Checks if jack or john occurs in the input string John Doe.

for $s in (true(), false())
return ft:contains("Häuser", "Haus", { 'stemming': $s, 'language':'de' })

Calls the function with stemming turned on and off.

`ft:count`

Signature	ft:count( $nodes as node()* ) as xs:integer
Summary	Returns the number of occurrences of the search terms specified in a full-text expression.
Examples	`ft:count(//*[text() contains text 'QUERY'])` Returns the `xs:integer` value `2` if a document contains two occurrences of the string `QUERY`.

`ft:score`

Signature	ft:score( $item as item()* ) as xs:double*
Summary	Returns the score values (0.0 - 1.0) that have been attached to the specified items. `0` is returned a value if no score was attached.
Examples	`ft:score('a' contains text 'a')` Returns the `xs:double` value `1`.

`ft:tokenize`

Signature

ft:tokenize(
  $string   as xs:string?,
  $options  as map(*)?     := {}
) as xs:string*

Summary

Tokenizes the given $string, using the current default full-text options or the $options specified as second argument, and returns a sequence with the tokenized string. The following options are available:

option	default	description
`case`	`insensitive`	Determine how upper/lower case is processed. Allowed values are `insensitive`, `sensitive`, `upper` and `lower`.
`diacritics`	`insensitive`	Determine how diacritical characters are processed. Allowed values are `insensitive` and `sensitive`.
`stemming`	`false()`	Determine how tokens are stemmed.
`language`	`en`	Determine the input language. This option is relevant for stemming tokens. Arbitrary language codes are accepted.

Examples

ft:tokenize("No Doubt")

Returns the two strings no and doubt.

ft:tokenize("École", { 'diacritics': 'sensitive' })

Returns the string école.

declare ft-option using stemming; ft:tokenize("GIFTS")

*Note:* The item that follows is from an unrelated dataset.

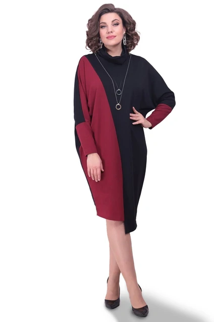 Горловина слегка расширена, воротник хомут. Рукав летучая мышь с отрезной нижней частью. Низ платья фигурный. Спинка со средним швом. В боковом шве снизу для удобства вставлена потайная молния. Украшение вкомплект не входит.

Returns a single string gift.

`ft:normalize`

Signature	ft:normalize( $string as xs:string?, $options as map(*)? := {} ) as xs:string
Summary	Normalizes the given `$string`, using the current default full-text options or the `$options` specified as second argument. The function accepts the same arguments as `ft:tokenize`; special characters and separators will be preserved.
Examples	`ft:normalize("Häuser am Meer", { 'case': 'sensitive' })` Returns the string `Hauser am Meer`.

`ft:thesaurus`

Signature

ft:thesaurus(
  $node     as node(),
  $term     as xs:string,
  $options  as map(*)?    := {}
) as xs:string*

Summary

Looks up a $term in a Thesaurus Structure supplied by $node. The following $options are available:

option	default	description
`relationship`	`–`	The relationship between terms.
`levels`	`–`	The maximum number of levels to traverse.

Examples

ft:thesaurus(
  <thesaurus>
    <entry>
      <term>happy</term>
      <synonym>
        <term>lucky</term>
        <relationship>RT</relationship>
      </synonym>
    </entry>
  </thesaurus>,
  'happy'
)

Result: 'lucky', 'happy'

Highlighting Functions

`ft:mark`

Signature

Signature	ft:mark( $nodes as node(), $name as xs:string := () ) as node()
Summary	Puts a marker element around the resulting `$nodes` of a full-text request. The default name of the marker element is `mark`. An alternative name can be chosen via the optional `$name` argument. Please note that: The full-text expression that computes the token positions must be specified as argument of the `ft:mark()` function, as all position information is lost in subsequent processing steps. You may need to specify more than one full-text expression if you want to use the function in a FLWOR expression, as shown in Example 2. The supplied node must be a Database Node. As shown in Example 3, `update` or `transform` can be utilized to convert a fragment to the required internal representation.
Examples	`ft:mark(db:get('DB')//[text() contains text 'hello'])` Returns `<XML><mark>hello</mark> world</XML>`, if one text node of the database `DB` has the value "hello world". `let $start := 1 let $end := 10 let $term := 'welcome' let $test := fn($node) { $node/text() contains text { $term } } for $ft in (db:get('DB')//[$test(.)])[position() = $start to $end] return ft:mark($ft[$test(.)])` Iterates over the first ten full-text results and marks the results in a second expression. `copy $copy := <xml>hello world</xml> modify () return ft:mark($copy[text() contains text 'world'], 'b')` Result: `<xml>hello <b>word</b></xml>`

ft:mark(
  $nodes  as node()*,
  $name   as xs:string  := ()
) as node()*

Summary

Puts a marker element around the resulting $nodes of a full-text request. The default name of the marker element is mark. An alternative name can be chosen via the optional $name argument. Please note that:

The full-text expression that computes the token positions must be specified as argument of the ft:mark() function, as all position information is lost in subsequent processing steps. You may need to specify more than one full-text expression if you want to use the function in a FLWOR expression, as shown in Example 2.
The supplied node must be a Database Node. As shown in Example 3, update or transform can be utilized to convert a fragment to the required internal representation.

Examples

ft:mark(db:get('DB')//*[text() contains text 'hello'])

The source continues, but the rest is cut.